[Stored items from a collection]
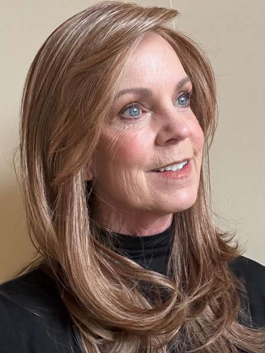 BEST SELLER | Spotlight by Raquel Welch is a long, layered and natural looking wig. Perfectly cut layers give Spotlight movement and body. Made with the Tru2Life heat-friendly synthetic fiber, your styling options are limitless. Wear it straight, curly, or add the perfect wave. The lace front creates a natural looking hairline and allows for styling hair off the face. The monofilament top creates the appearance of natural hair growth and allows you to change the location of the part. And the open wefting in the cap creates better air ventilation, which provides more coolness on the scalp. It's breathable and lightweight for a more comfortable fit. Spotlight is one of our best-selling and most popular styles!
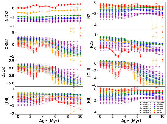 Spectral index or H-normalized emission lines of [O iii], [N ii], and [O ii] (hereafter referred to as [O iii], [N ii], and [O ii], respectively) as a function of age reproduced by the Levesque et al. [12] model. In each of the panels, the model products are color-coded by metallicity and symbol-coded by the ionization parameter, with the legend listed in the lower-left corner in the bottom-right panel.
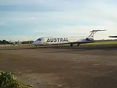 - Austral empleaba un sector del Aeroparque Jorge Newbery conjuntamente con Aerolíneas Argentinas.
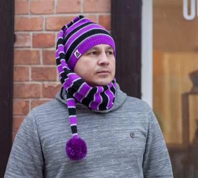 Прикольная шапка-колпак приглушенных тонов и забавной формы сочетает в себе элементы городского стиля и праздничного задора.
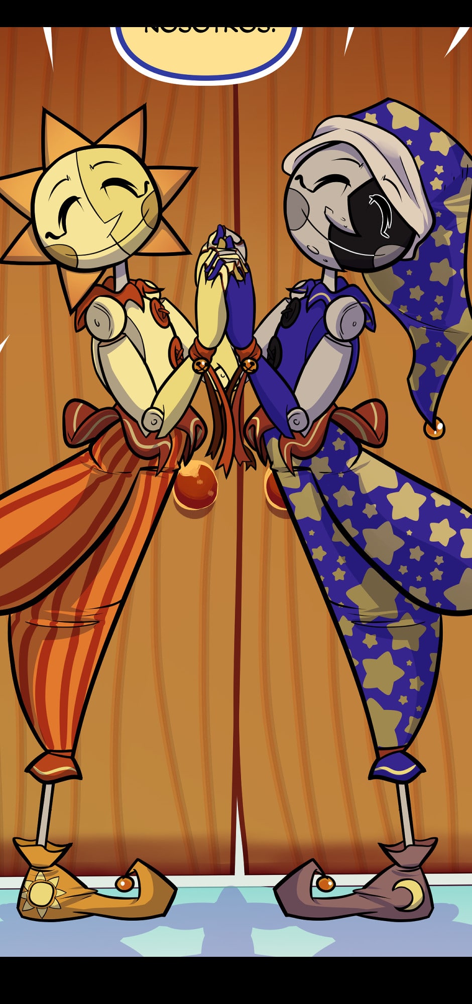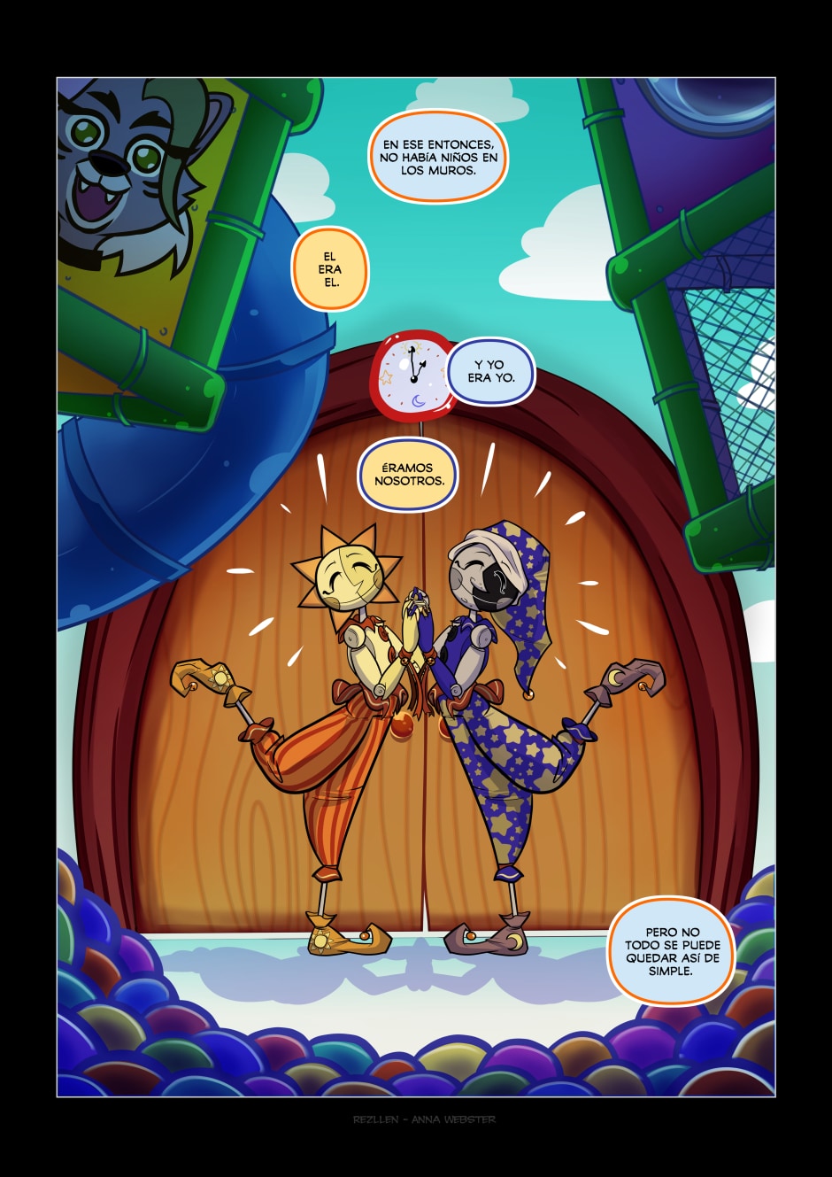 Celestial Bodies es un cómic one-shot de Rezllen (arte) y Anna Webster (guión) que imagina los orígenes de Sundrop y Moondrop de Five Nights at Freddy's: Security Breach. Requiere poco o ningún conocimiento del Deep Lore. ¡Así que no temas, superestrella! Se actualiza semanalmente.
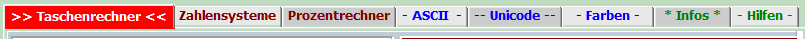 Abschnitt: Utilitys „Zahlenkonvertierung“, „Prozentrechnung“, „ASCII Code“ und „Unicode“
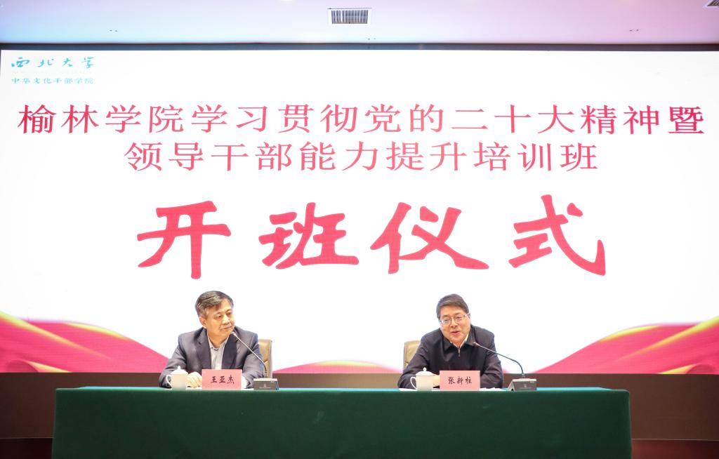 12日上午培训班开班仪式举行,西北大学党委书记王亚杰致欢迎辞,万象城党委书记张新柱作动员讲话。
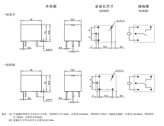 · 外形尺寸:(19.0 x 15.2 x 15.5) mm
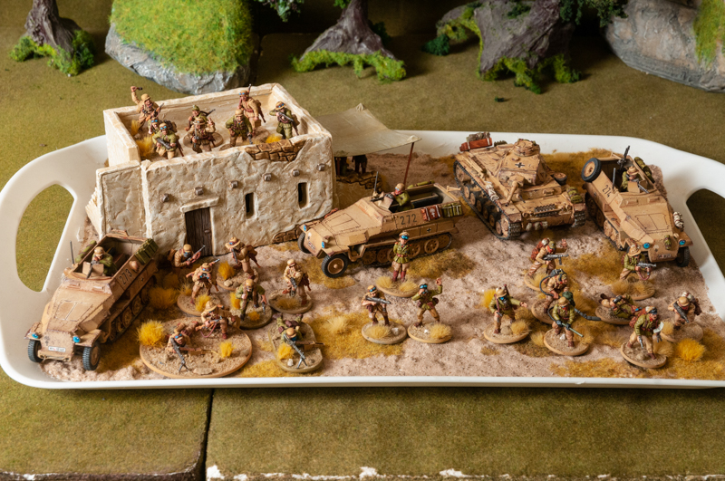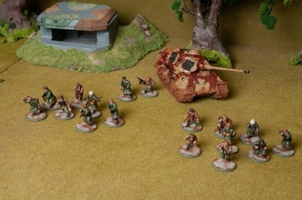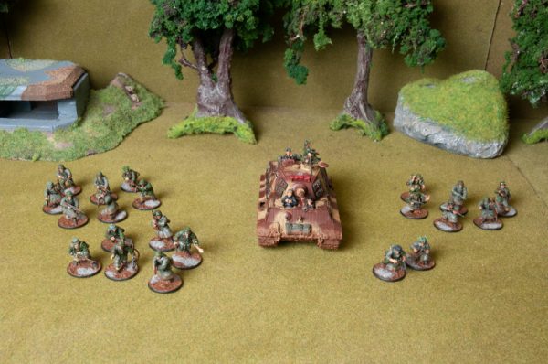 The guys in Southend threw an excellent weekend with a very friendly atmosphere. I’ve never been much for competitive gaming but everyone’s attitude and sportsmanship were excellent and I had a blast, even managing to win a game. I was a little pushed for time getting an army together, having no complete Axis forces in my collection yet. To that end, I wrote a list with as few models as possible. At 4 dice and 18 models, this was the stupidest 1000 points army I’ve ever tried to play.

EXERCISE PROMPT:
An exact copy of every entry, without pictures, should be your output.

SOLUTION:
 BEST SELLER | Spotlight by Raquel Welch is a long, layered and natural looking wig. Perfectly cut layers give Spotlight movement and body. Made with the Tru2Life heat-friendly synthetic fiber, your styling options are limitless. Wear it straight, curly, or add the perfect wave. The lace front creates a natural looking hairline and allows for styling hair off the face. The monofilament top creates the appearance of natural hair growth and allows you to change the location of the part. And the open wefting in the cap creates better air ventilation, which provides more coolness on the scalp. It's breathable and lightweight for a more comfortable fit. Spotlight is one of our best-selling and most popular styles!
 Spectral index or H-normalized emission lines of [O iii], [N ii], and [O ii] (hereafter referred to as [O iii], [N ii], and [O ii], respectively) as a function of age reproduced by the Levesque et al. [12] model. In each of the panels, the model products are color-coded by metallicity and symbol-coded by the ionization parameter, with the legend listed in the lower-left corner in the bottom-right panel.
 - Austral empleaba un sector del Aeroparque Jorge Newbery conjuntamente con Aerolíneas Argentinas.
 Прикольная шапка-колпак приглушенных тонов и забавной формы сочетает в себе элементы городского стиля и праздничного задора.
 Celestial Bodies es un cómic one-shot de Rezllen (arte) y Anna Webster (guión) que imagina los orígenes de Sundrop y Moondrop de Five Nights at Freddy's: Security Breach. Requiere poco o ningún conocimiento del Deep Lore. ¡Así que no temas, superestrella! Se actualiza semanalmente.
 Abschnitt: Utilitys „Zahlenkonvertierung“, „Prozentrechnung“, „ASCII Code“ und „Unicode“
 12日上午培训班开班仪式举行,西北大学党委书记王亚杰致欢迎辞,万象城党委书记张新柱作动员讲话。
 · 外形尺寸:(19.0 x 15.2 x 15.5) mm
 The guys in Southend threw an excellent weekend with a very friendly atmosphere. I’ve never been much for competitive gaming but everyone’s attitude and sportsmanship were excellent and I had a blast, even managing to win a game. I was a little pushed for time getting an army together, having no complete Axis forces in my collection yet. To that end, I wrote a list with as few models as possible. At 4 dice and 18 models, this was the stupidest 1000 points army I’ve ever tried to play.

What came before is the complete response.